Exercise objective >> The whole listing should come back exactly as written, except for the pictures.

Stored data >>
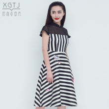 雪国天娇复古中国风中长款2017夏装修身高腰拼接黑白条纹连衣裙女
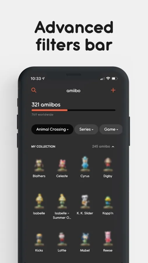 – Advanced filters bar, so you can search by name, game or amiibo series
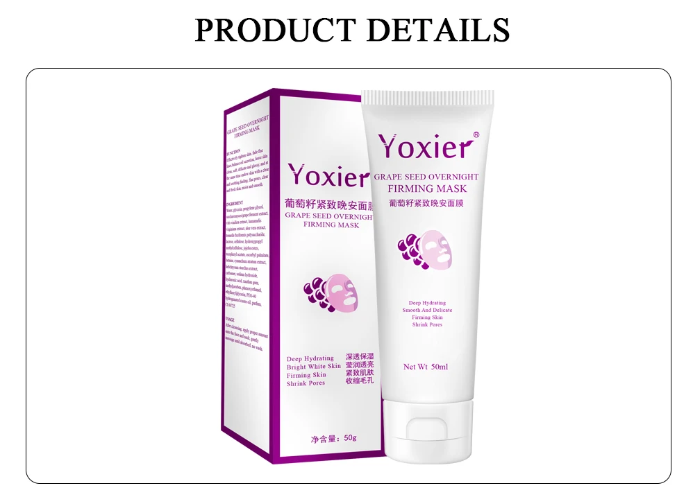 Маска для укрепления виноградных косточек на ночь Укрепляющая кожа/выцветание тонких линий/очистка кожи от грязи/Баланс жирности секреции Делает кожу чистой, мягкой, деликатной и глянцевой, и в то же время Дает коже ясное и успокаивающее ощущение, тщательные поры, кожа чистая и свежая, влажная и гладкая. Содержание нетто: 50 мл Количество: 10 шт. Детали подарка Грунтовка вишневого цвета Увлажняющий Макияж тщательный Усадочные поры

Response to this task >>
 雪国天娇复古中国风中长款2017夏装修身高腰拼接黑白条纹连衣裙女
 – Advanced filters bar, so you can search by name, game or amiibo series
 Маска для укрепления виноградных косточек на ночь Укрепляющая кожа/выцветание тонких линий/очистка кожи от грязи/Баланс жирности секреции Делает кожу чистой, мягкой, деликатной и глянцевой, и в то же время Дает коже ясное и успокаивающее ощущение, тщательные поры, кожа чистая и свежая, влажная и гладкая. Содержание нетто: 50 мл Количество: 10 шт. Детали подарка Грунтовка вишневого цвета Увлажняющий Макияж тщательный Усадочные поры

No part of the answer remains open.